Le dense nuvole all’interno della Grande macchia rossa ostacolano la fuoriuscita di energia elettromagnetica, rendendo così difficile per gli astronomi ottenere informazioni su tutto ciò che riguarda la chimica al loro interno. Ma una nuova tecnologia spettroscopica, unita alla curiosità, ha dato al team la spinta per tentare comunque di scrutare all’interno di Giove. «Si è scoperto che non sono così spessi da pregiudicare la nostra capacità di vedere in profondità», dice Bjoraker a proposito degli strati di nubi, «e allora ci siamo detti: bene, vediamo cosa salta fuori». D’altronde, «le lune che orbitano attorno a Giove sono principalmente di ghiaccio», ricorda il ricercatore, «dunque l’intero vicinato è ricco d’acqua. Perché mai non dovrebbe esserne ricco a sua volta quell’immenso pozzo gravitazionale che è Giove?».
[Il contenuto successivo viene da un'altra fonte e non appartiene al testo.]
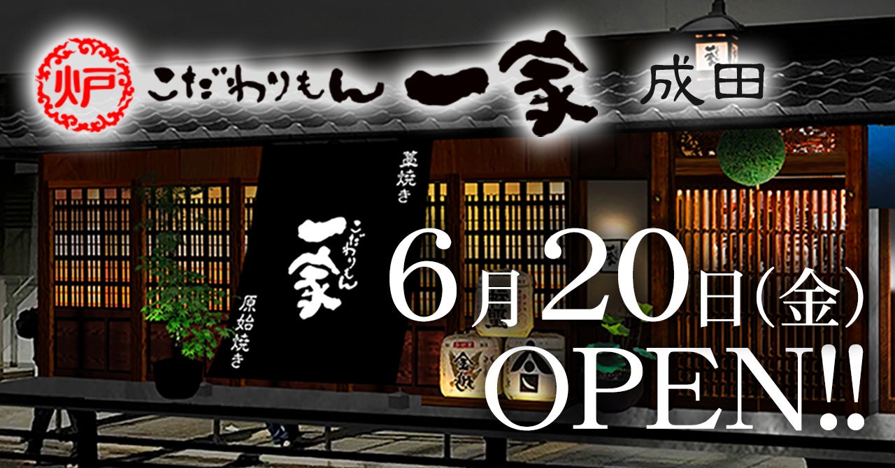 株式会社一家ホールディングスの連結子会社である株式会社一家ダイニングプロジェクト(本社:千葉県市川市、代表取締役社長:武長 太郎 以下当社)が運営する、“第二の我が家”をコンセプトに、ほっとくつろげるおもてなしと空間で、日本全国の旬の食材を活かした料理や地酒を提供する本格和食居酒屋『こだわりもん一家 成田店』を、2025年6月20日(金)17時にオープンしますのでお知らせいたします。オープンを記念し、当店のOPENチラシをお持ちのお客様は、お会計から20%OFFさせていただきます。(他の割り引きとの併用不可/1会計につき1枚ご利用可能/割引額上限1万円まで/有効期限2025年9月末まで/成田店のみ利用可能)

I dati raccolti dal team di ricerca completeranno le informazioni che la sonda Juno sta raccogliendo nella sua orbita di 53 giorni attorno al pianeta. Tra le altre cose, Juno sta cercando acqua con un proprio spettrometro a infrarossi e con un radiometro a microonde in grado di sondare in profondità più di qualsiasi altro strumento: fino a 100 bar, o 100 volte la pressione atmosferica sulla superficie terrestre. Secondo Amy Simon, esperta di atmosfere planetarie al Goddard, se Juno restituisse risultati sull’acqua in linea con quelli ottenuti da terra dal team di Bjoraker, potremmo avere un nuovo metodo per risolvere l’enigma dell’acqua su Giove. «Se funziona», aggiunge la ricercatrice, «allora forse possiamo applicarlo anche altrove – a Saturno, a Urano o a Nettuno, dove non abbiamo una sonda come Juno».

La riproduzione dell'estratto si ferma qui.